The Government’s broken promises on trade go back much further than the deal the right hon. Gentleman criticised. The Government promised farmers they would keep full access to the European markets for their high-quality British produce after Brexit, but then they threw up trade barriers that blocked them from exporting. Labour’s way forward is to seek a renegotiated veterinary agreement with the EU. We must cut through Tory red tape at our borders to get British food exports moving again.
Our country spends over £1 billion a year buying food for hospitals and prisons. Labour will make sure that at least half of that food is locally produced or certified to higher environmental standards, putting money straight into the pockets of British farmers and producers at a time when so many are struggling just to stay in business. We will devolve more decision making to the nations and regions of the United Kingdom.
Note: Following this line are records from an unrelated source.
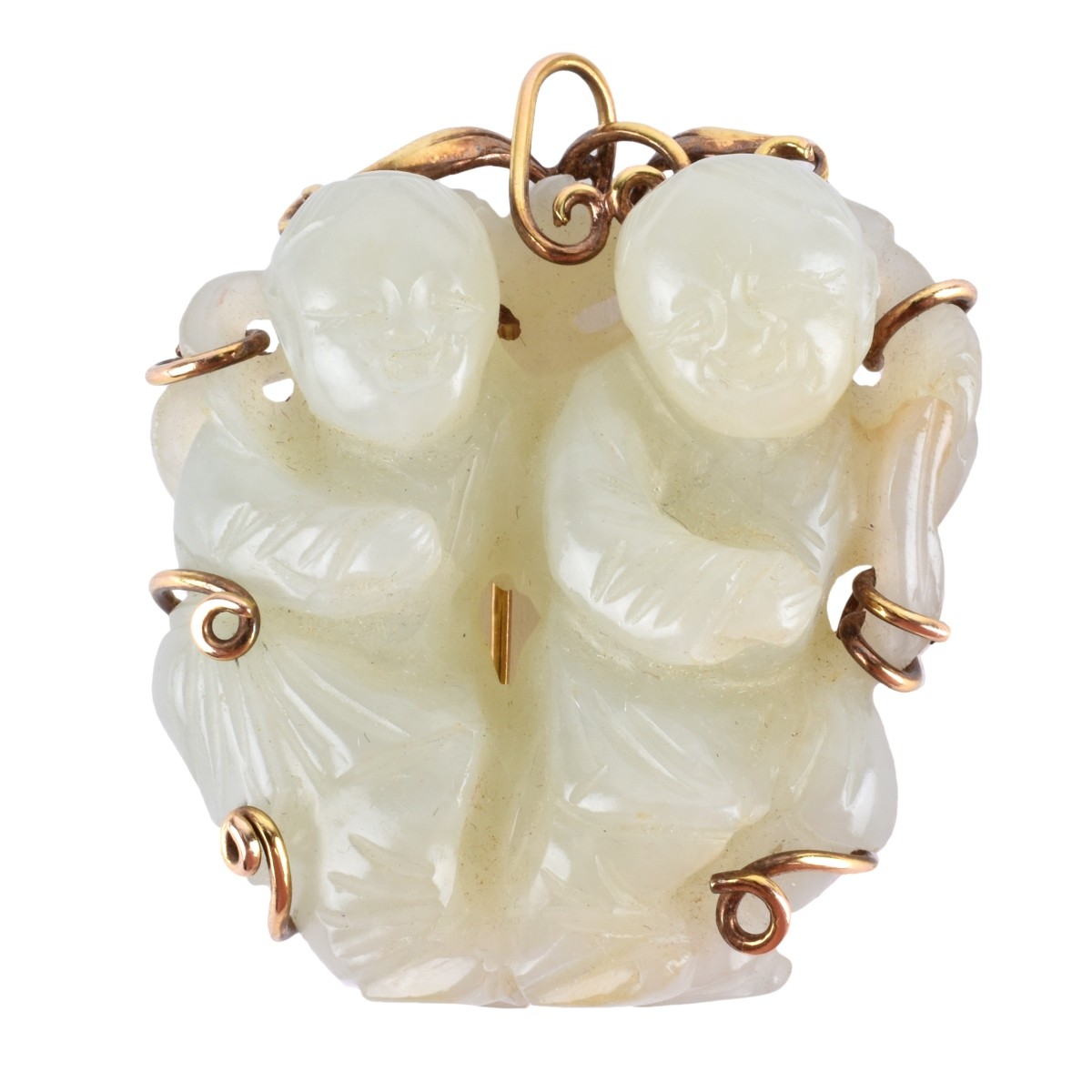 Mid 20th Century Carved Celadon Jade and 14 Karat Yellow Gold "Two Boy" Pendant Brooch. Stamped 14K. Measures 2-1/8" H, 1-7/8" W. Approx. weight: 53.8 grams. Condition: Very good condition. Estimate: $300.00 - $500.00 Domestic Shipping: $30.00
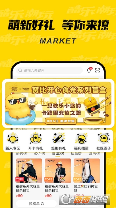 酷乐潮玩app最新版本是一款专注潮流潮玩的在线购物平台,拥有海量潮玩盲盒,次元周边,潮搭服饰,日杂周边等商品。每天都会更新精选新品,每日秒杀,与多样化的热销榜单推荐,点击感兴趣的商品就能一键下单购买。同时平台还内置了互动交流社区,各种热门IP,官方活动,热点咨询实时获取,满足不同用户的使用需求。
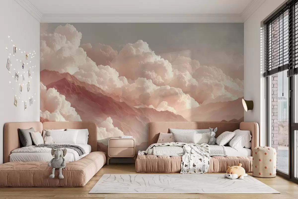 Papier peint Lever de soleil chaud sur les montagnes avec des nuages floconneux N° w09226
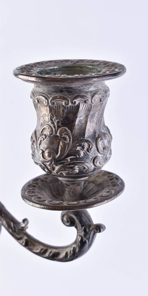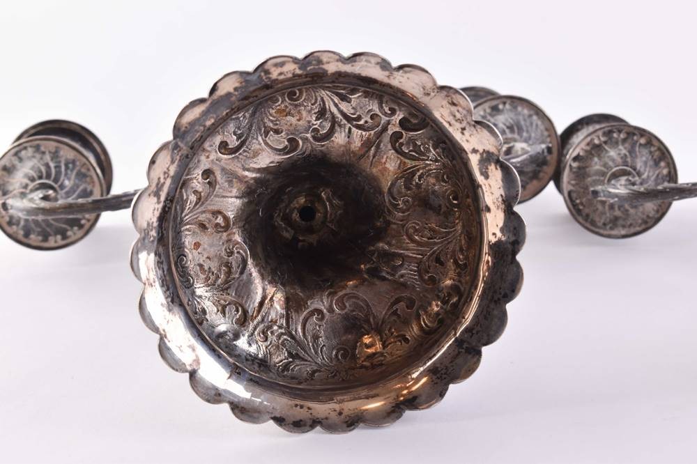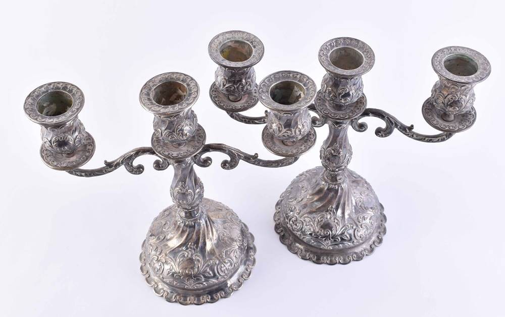 Silver 800/000, 3 flames each, ht: 22.5 cm, width: 22.5 cm, unfilled, weight approx. 1250 g.
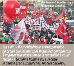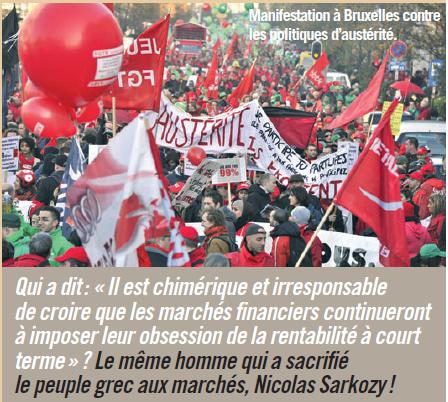 Ainsi, un an après ces accents généreux,le même homme lançait aux côtés de la Chancelière allemande,sous couvert de « sauvegarde de la stabilité de la zone euro »,la plus vaste et la plus cruelle entreprise de régression sociale,de soumission aux marchés financiers et de démontage d’acquis démocratiques de toute l’histoire de la construction européenne, à l’encontre du peuple grec, puis des peuples irlandais et portugais,avant de tenter d’imposer une logique similaire à l’ensemble des pays membres de l’UE.A cet égard,la descente aux enfers dans laquelle sont entrainés des millions de Grecs prend de jour en jour des proportions si dramatiques qu’elle appelle à elle seule ce vent de révolte naguère évoqué dans l’indigne discours-bluff de Sarkozy à l’OIT. Le vote Front de Gauche et l’action pour une victoire solide et durable de la gauche en France constitueront un authentique acte de révolte en même temps que de solidarité avec les victimes du sarkozisme au-delà de nos frontières.
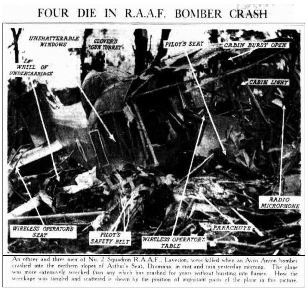 Mid-morning the air force was given the tragic news that A4-29 had crashed into the northwestern face of Arthurs Seat. Four men had been killed and one had miraculously survived.
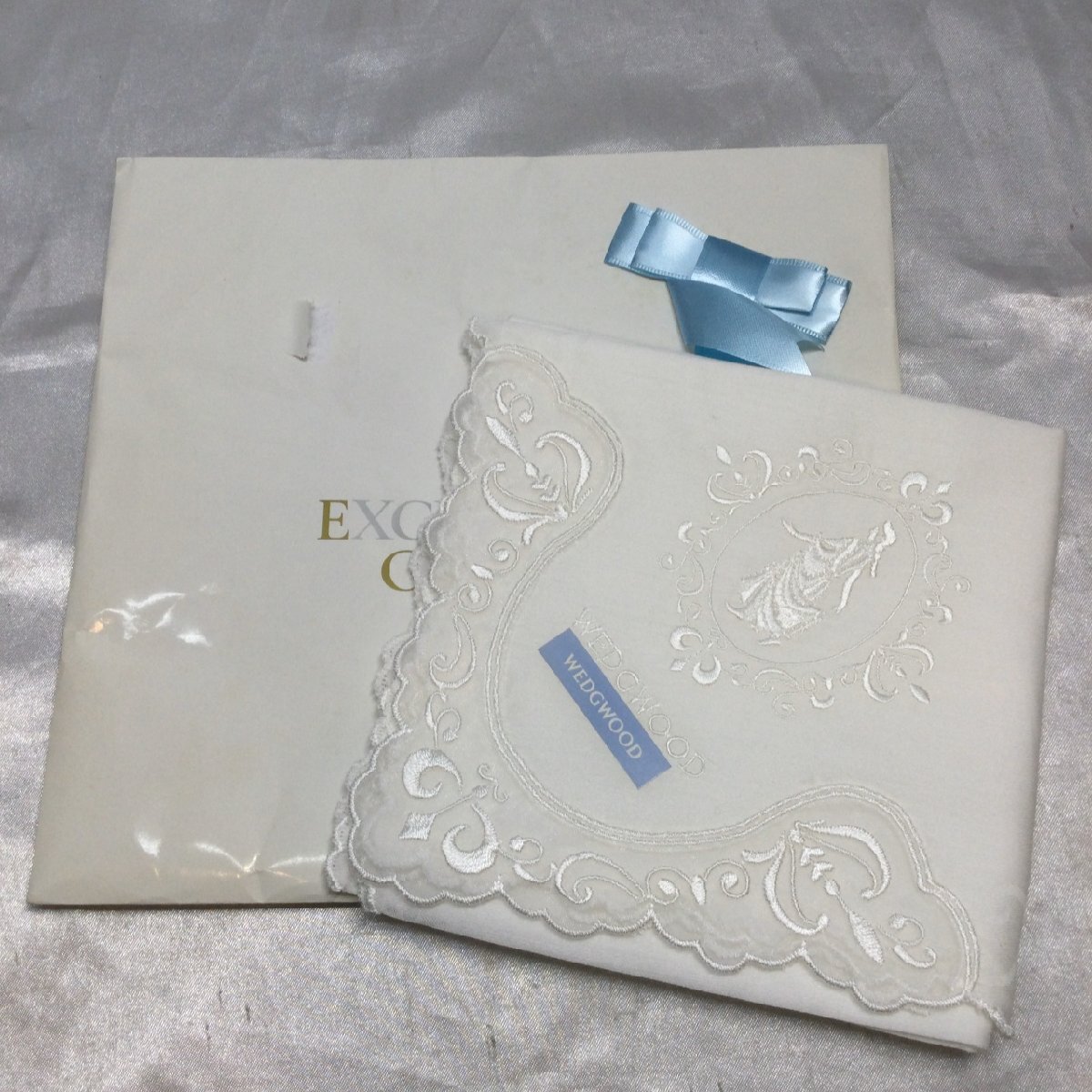> 【未使用/保管品/TO】WEDG WOOD ウェッジウッド ハンカチ 綿100% ホワイト 刺繍 レース ハンカチーフ MZ1028

That will give them more control over skills and training to increase and upskill the farming workforce, and more control over infrastructure investment so that we can extend broadband in rural areas and the use of new technology in farming to boost productivity.
Labour is offering a new deal for farmers: lower bills from harnessing the power of clean energy, generated in our own country; more money in farmers’ pockets through the prioritisation of locally grown and sustainable food for public procurement, and ensuring ELMS work effectively; seeking a veterinary agreement with the EU to tear down the Tory barriers to trade; a flood resilience taskforce to protect farmland from devastating floods; and planning reform to help farmers diversify and plug their clean energy into the national grid.
Farmers do an extraordinary job as producers of our food and stewards of our land, yet they have been betrayed by this Conservative Government. British farmers deserve better. They deserve our thanks, respect and support. We are proud of our farmers—proud of the work they do to feed our nation and steward our beautiful countryside—but they need a Government who are on their side to help them in that vital work. After 14 years of Conservative failure, only Labour can give farmers their future back.